I recently sold my elite synergy and have been looking at getting a prime. how does elite bows compare to prime bows?


----------



## stick&string89 (Jun 21, 2012)

I love my primes. The obly negitive is their strings suck so plan on upgrading quickly. 

Sent from my LG-H811 using Tapatalk


----------



## hemionus (Aug 23, 2009)

I have had a Prime defy, rival, and now the rize. I originally went with them because they were a smaller family owned company. They still are family oriented but they have grown quickly for good reason. Another reason I went with them is that they had the most innovative cam design to ever come out that virtually eliminated cam lean. I liked the idea and like that they stuck their neck out there and did something different and it works. All in all they are kick arse bows. Can't compare them to Elite as I have never owned one.


----------



## SR-1 (Jan 9, 2011)

hemionus said:


> I have had a Prime defy, rival, and now the rize. I originally went with them because they were a smaller family owned company. They still are family oriented but they have grown quickly for good reason. Another reason I went with them is that they had the most innovative cam design to ever come out that virtually eliminated cam lean. I liked the idea and like that they stuck their neck out there and did something different and it works. All in all they are kick arse bows. Can't compare them to Elite as I have never owned one.


How does the rival compare to the rize? those are the two I have been looking at.


----------



## hemionus (Aug 23, 2009)

I'd still have the rival if I didn't win a rize. Not much difference if you ask me other than the specs. One thing I like about Prime is they don't re-design the same exact bow every year and tell you it's better to up sell customers like the other big companies. Take the rize for example. It looks the same as the rival and ion except for some subtle differences. What they did was actually make it a little better with stronger riser material. When I pulled the rize out of the box I noticed it had no limb dampers and I thought that was odd because most bows have them.
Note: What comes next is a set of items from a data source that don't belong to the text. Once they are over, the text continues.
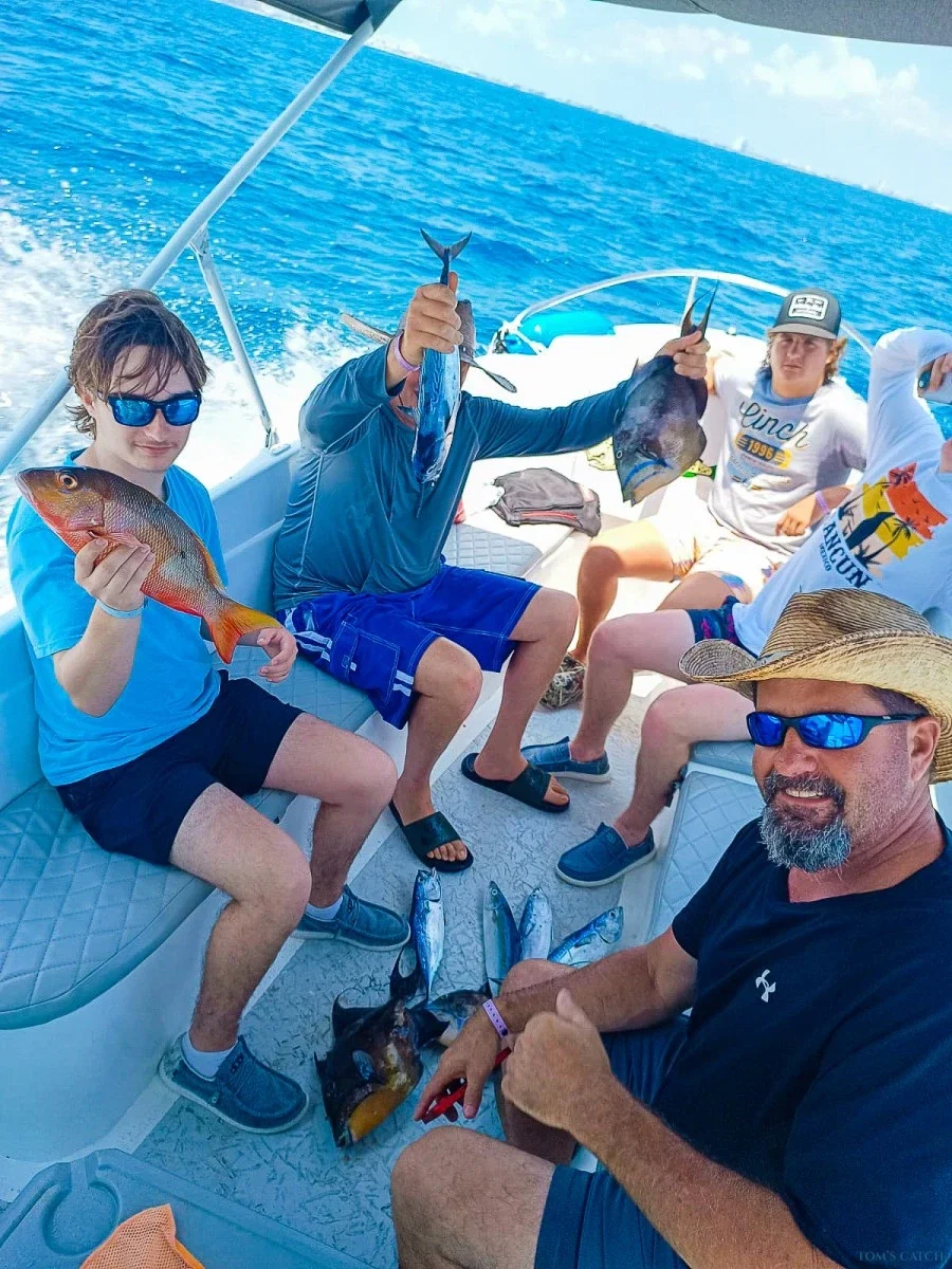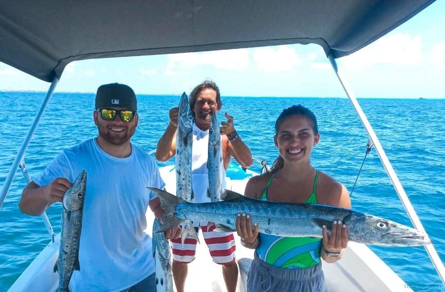 Yemaya Fishing Boat - 26 Feet of Adventure in Cancun Welcome aboard the Yemaya, your gateway to fishing adventures in the heart of the Caribbean Sea. Our 26-foot Fishing Boat is perfect for groups of up to 6 People, ensuring an intimate and relaxed atmosphere for a unique deep sea fishing experience. Equipped with state-of-the-art fishing technology, from high-end fishing rods to advanced sonar, the Yemayá maximizes your chances of success on every outing. With an experienced crew that knows the Cancun waters to perfection, we are committed to providing you with a safe and exciting adventure. The Yemaya will take you to the depths of the Caribbean Sea, where you can fish for coveted species such as marlin, yellowfin tuna and dorado. Starting from the Puestas del Sol Marina, a privileged location that puts us in the best fishing spots in Cancun. Whether you are an experienced angler or a beginner, Yemaya is the ideal choice to explore the crystal clear waters of Cancun and experience the thrill of deep sea fishing. Our goal is to provide you with an unforgettable experience in a luxurious and comfortable environment, so don't miss the opportunity to join us and fish in style in Cancun! Booking your Fishing tour now and discover why we are the preferred destination for deep sea fishing enthusiasts.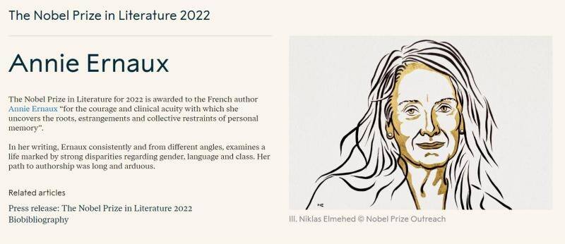 10月以来,2022年的诺贝尔奖陆续公布,生理或医学奖、物理学奖之前已经公布,今天晚上文学奖也公布了,瑞典文学院在斯德哥尔摩宣布,将2022年诺贝尔文学奖授予法国作家安妮·埃尔诺(Annie Ernaux),以表彰其在文学上的成就。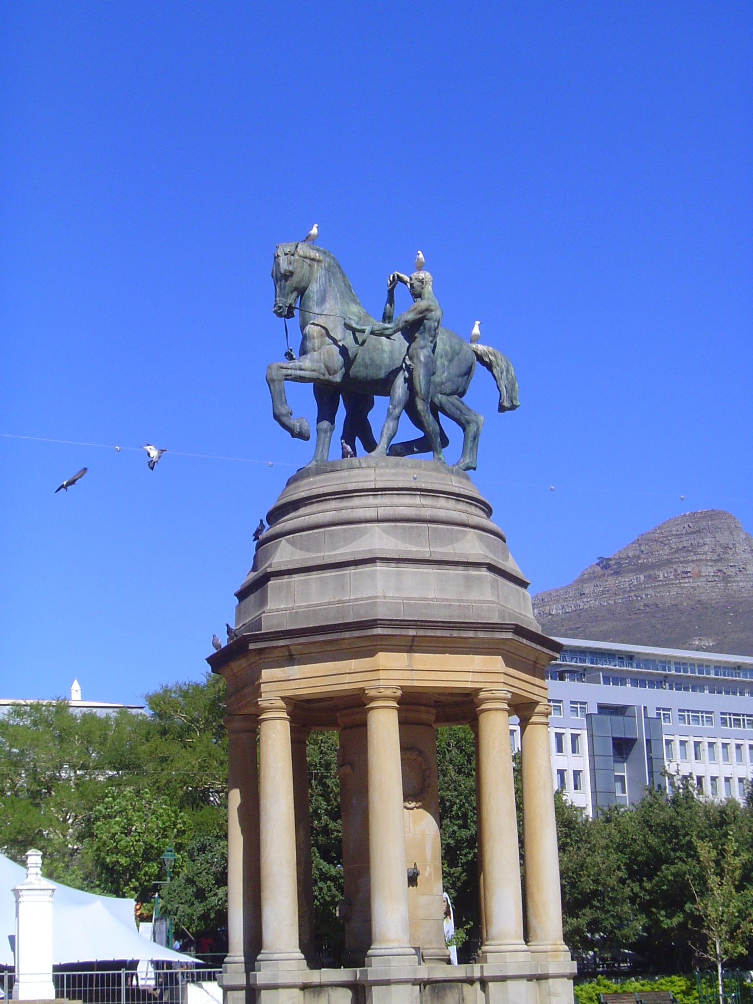 The Victorians loved their statues, but a later generation equally loves to mock them, especially when the subject is a committed imperialist—and filthy rich to boot. The statue, hiding under fresh and mocking attire, was erected in 1908; the sculptor was Henry Pegrem. The base, its rustic surface a reminder of the source of Rhodes' wealth, was by Herbert Baker.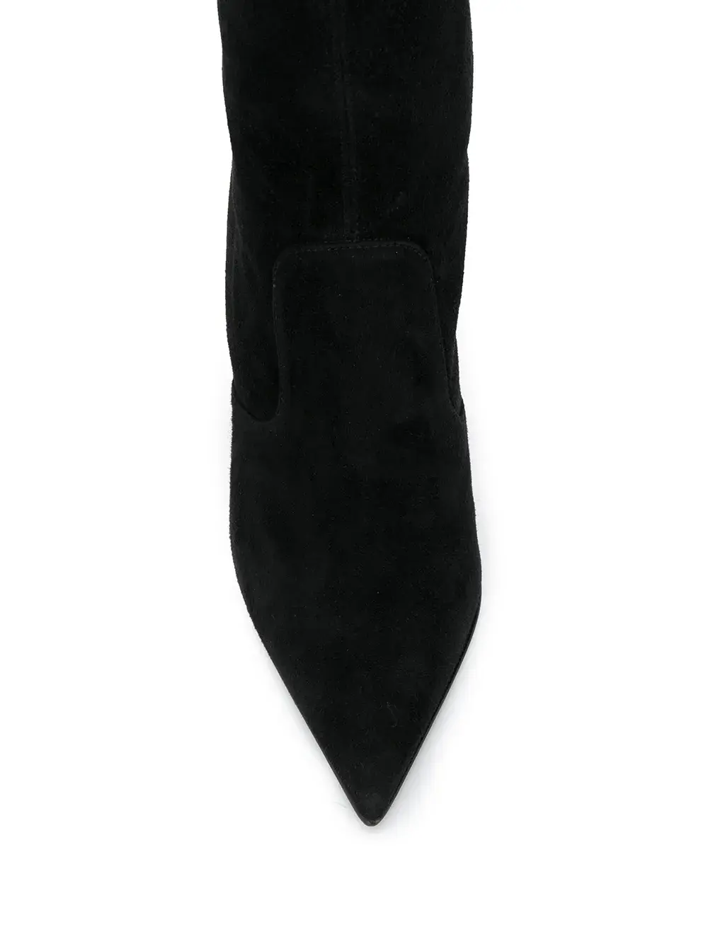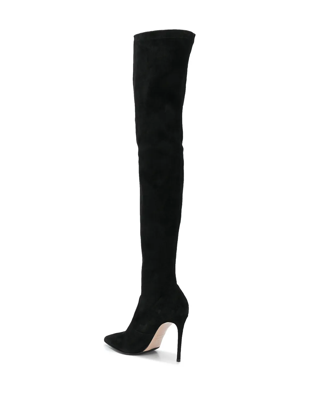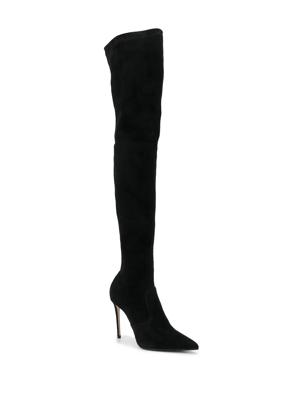 Заостренный носок, каблук-шпилька и длина до бедер. Цвет: черный.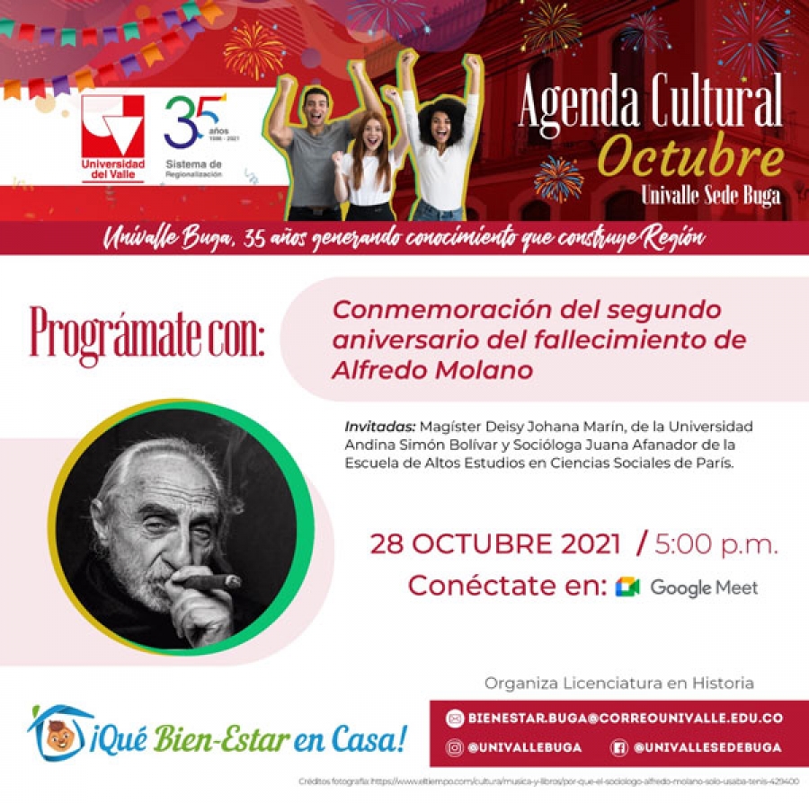 Este jueves 28 de octubre la Licenciatura en Historia de la Sede Buga realizará un evento de Conmemoración del segundo aniversario de la muerte de Alfredo Molano, sociólogo colombiano que recorrió sobre todo el campo colombiano, para presentar el conflicto contando con las voces de sus víctimas. Su aporte cruza fronteras entre la Sociología, la Historia y la Literatura y, por ello, nos parece importante invitarlos a participar en la conmemoración.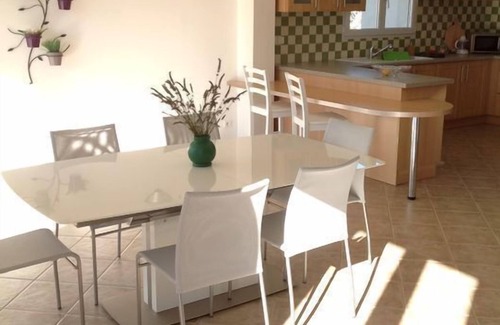 The exterior consists of 3 patio tables for 4 persons, 9 sunbathing, barbecue grill and griddle gas.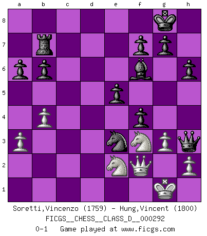 Last move : 0-1 2023 February 25 5:52:18 [Event "FICGS__CHESS__CLASS_D__000292"] [Site "FICGS"] [Date "2023.01.29"] [Round "1"] [White "Soretti,Vincenzo"] [Black "Hung,Vincent"] [Result "0-1"] [WhiteElo "1759"] [BlackElo "1800"] 1.e4 c5 2.Nf3 d6 3.d4 cxd4 4.Nxd4 Nf6 5.Nc3 a6 6.Bg5 e6 7.Be2 Be7 8.O-O O-O 9.Qd2 Qc7 10.f4 Nbd7 11.Bf3 Rb8 12.a3 b6 13.b4 Bb7 14.Rae1 h6 15.Bxf6 Bxf6 16.Nde2 Rfc8 17.e5 dxe5 18.Bxb7 Rxb7 19.Rf3 exf4 20.Nd4 Ne5 21.Rh3 Nc4 22.Qf2 Ne3 23.Nce2 e5 24.Nf3 Qxc2 25.Rc1 Qf5 26.Rxc8+ Qxc8 27.g3 Qxh3 0-1 Follow this game move after move (download)Chess makes man wiser and clear-sighted. (Vladimir Putin) Ich glaube, ich kenne inzwischen die Gründe für mein Versagen: schachliche Charakterfehler. Ich war nie ein Wunderkind und in meiner gesamten menschlichen Entwicklung immer zu langsam. (Viktor Kortschnoi) Fischer es el jugador mas fuerte del mundo. De hecho, el jugador mas fuerte que jamas haya existido. (Larry Evans) La victoire dans une partie d'Echecs appartient la plupart du temps à celui qui voit un peu plus loin que l'adversaire. (Lasker) For a mechanic, you seem to do an excessive amount of thinking. (C-3PO in Star Wars ep.2)

Then I shot it and well they don't need them. No hand shock and quiet as can be.


----------



## SR-1 (Jan 9, 2011)

you wouldnt happen to have any prime bows for sale would you?


----------



## hemionus (Aug 23, 2009)

no, get what you like though they all make bows better than most of us can shoot.


----------



## kailey29us (May 26, 2011)

stick&string89 said:


> I love my primes. The obly negitive is their strings suck so plan on upgrading quickly.
> 
> Sent from my LG-H811 using Tapatalk


I love my Prime Rival, and yes the strings on the bow suck BAD!!!!


----------



## Utahyounggun (Nov 5, 2014)

I couldn't decide between the prime rize or the elite impulse 34. Both awesome bows in my opinion. I went with the elite but it could have went either way


----------